Per-sample weighting leads to no training progress (even when all weights are one)

I am working on a model which classifies images between two classes, 0 and 1, whereas there are example of varying “strength” of 1. Some of them are so weak that it would be almost okay for my model to classify them as 0.

Now I have tried the following:
I am using a CrossEntropyLoss with reduction = 'none'.
I split up my classes into 5 classes, whereas 1 to 4 are all mapped to class “1” with a weight corresponding to their evidence strength.
Then I am weighting the examples by multiplying with a weight-vector of length BatchSize.

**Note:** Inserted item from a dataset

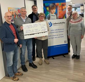 Im Rahmen eines Besuches der Lebenshilfe überreichten nun der 1. Vorsitzende Alexander Paul, seine Stellvertreterin Anja Dörner sowie Kassenwartin Petra Schmitt vom Städtepartnerschaftsverein die Spende an den Lebenshilfe-Vorsitzenden Florian Brechtel und die Lebenshilfe-Geschäftsführer Frank Strotmann und Markus Liebendörfer.

I implement this as follows:

for inputs,classes in dataloaders[phase]:

inputs = inputs.to(device).float()
prefactor_dict = {0:1, 1:1, 2:0.1, 3:0.05, 4:0.01}
prefactors = np.array([prefactor_dict[cls] for cls in classes.numpy()])
prefactors = torch.from_numpy(prefactors)
prefactors = prefactors.to(device)
labels = torch.from_numpy(np.array([0 if cls == 0 else 1 for cls in classes]))
labels = labels.to(device)
optimizer.zero_grad()
with torch.set_grad_enabled(phase == ‘train’):

outputs = model(inputs[:,None,…])
_,preds = torch.max(outputs,1)
loss = criterion(outputs, labels)*prefactors
loss = loss.mean()
if phase == ‘train’:

loss.backward()
optimizer.step()

If I don’t use the prefactors and don’t set reduction to ‘none’, my model manages to overfit the data in a few epochs. However even if I set the prefactors all to 1, my model doesn’t learn anything. It simply gets stuck at exactly 50% accuracy.